# Please rate my stickman manga...



## AlanJohn (Mar 22, 2011)

I made them in russian since thats what my art teacher told me to do. She said to my class that we should make something funny and in a foreign language. Please rate and comment!(you read it from right to left)


Spoiler

















Better quality Images:


Spoiler


----------



## Laughing Stock (Mar 22, 2011)

The eyes sort of bother me.


----------



## Nujui (Mar 22, 2011)

It's.....okish.


----------



## epicCreations.or (Mar 24, 2011)

if I could get an approximate translation panel by panel, that might help.... I can't russian very well


----------



## Shockwind (Mar 24, 2011)

I didn't understand it cuz I can't get a greater view of your manga.


----------



## prowler (Mar 24, 2011)

more like ten year old stick figure drawings than manga.


----------



## raulpica (Mar 24, 2011)

I can see monkat in it. WTF.


----------



## Kwartel (Mar 24, 2011)

prwlr. said:
			
		

> more like ten year old stick figure drawings than manga.


This.


----------



## Shockwind (Mar 24, 2011)

raulpica said:
			
		

> I can see monkat in it. WTF.


You're right. 
	

	
	
		
		

		
		
	


	




 I can see monkat's glasses.


----------



## zeromac (Mar 24, 2011)

Err.. Its quite good


----------



## alphenor (Mar 24, 2011)

It's either I can't think of anything to say or I can't say what I'm thinking.


----------



## Raika (Mar 24, 2011)

It's really... Unique. It really defines you.


----------



## AlanJohn (Mar 24, 2011)

Gamerfan123 said:
			
		

> I didn't understand it cuz I can't get a greater view of your manga.

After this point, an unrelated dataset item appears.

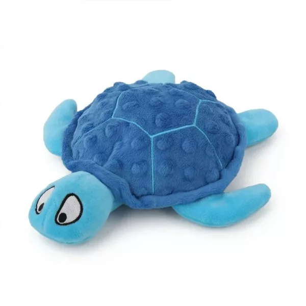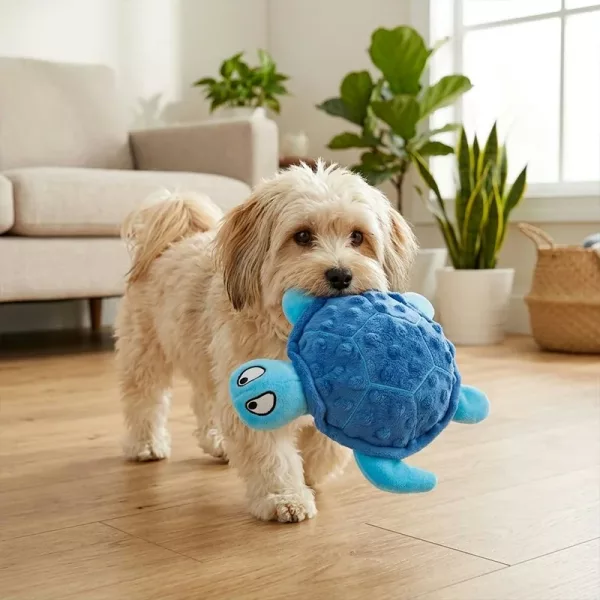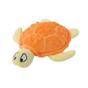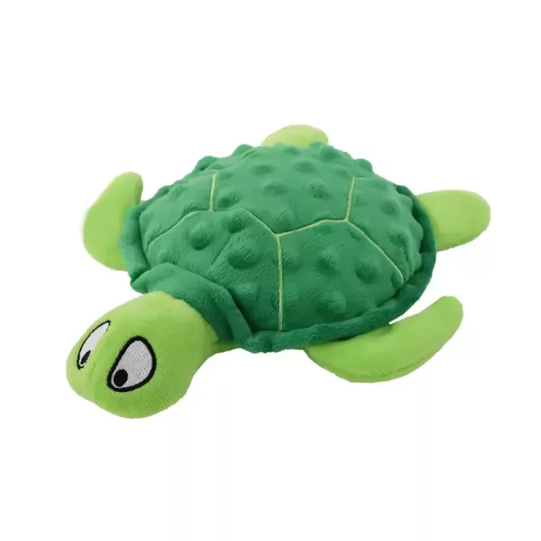 Got the turtle for my anxious rescue dog. The squeak and rustling noise distract her during storms, and the plush body is easy on her mouth.

Fix'd. *2 MB IMAGE WARNING!!!*


----------



## Narayan (Mar 24, 2011)

scantalations?


----------



## AlanJohn (Mar 24, 2011)

Narayan said:
			
		

> scantalations?


scanner not work 
	

	
	
		
		

		
		
	


	



http://gbatemp.net/t283904-how-can-i-make-my-printer-scan


----------



## Narayan (Mar 24, 2011)

AlanJohn said:
			
		

> Narayan said:
> 
> 
> 
> ...



just translations then??


----------



## AlanJohn (Mar 24, 2011)

Narayan said:
			
		

> AlanJohn said:
> 
> 
> 
> ...


OK, only when I fix the scanner...


----------



## alex_0706 (Apr 1, 2011)

it is not realy a real manga 
but i call it a stickman manga


----------



## Shockwind (Apr 2, 2011)

"Please rate my manga" -  The title doesn't fit to your stickman drawing. 
	

	
	
		
		

		
		
	


	



"Please rate my *stickman* manga" - This one fits.


----------



## AlanJohn (Apr 19, 2011)

Gamerfan123 said:
			
		

> "Please rate my manga" -  The title doesn't fit to your stickman drawing.
> 
> 
> 
> ...


Oh if only I could have the *powerz...*


----------



## Ikki (Apr 19, 2011)

Needs more pandas


----------



## AlanJohn (Apr 19, 2011)

Ikki said:
			
		

> Needs more pandas


OK!
I will draw you in the english release!


----------



## epicCreations.or (Apr 23, 2011)

JEEZ. When is the English release coming? It can't take this long to localize, can it?


----------



## Shockwind (Apr 23, 2011)

AlanJohn said:
			
		

> Gamerfan123 said:
> 
> 
> 
> ...


Well, I see that this thread's title is changed already.


----------



## AlanJohn (Apr 23, 2011)

epicCreations.org said:
			
		

> JEEZ. When is the English release coming? It can't take this long to localize, can it?


I need to fix mah scanner...


----------



## Shiro09 (Apr 23, 2011)

English release please... I can't understand Russian


----------



## zeromac (Apr 23, 2011)

So what i can gather from the images alone is that the main character dies while fighting the main bad guy?


----------



## AlanJohn (Apr 23, 2011)

Please people, if you want the english release than please help me fix my printer/scanner thingy!


----------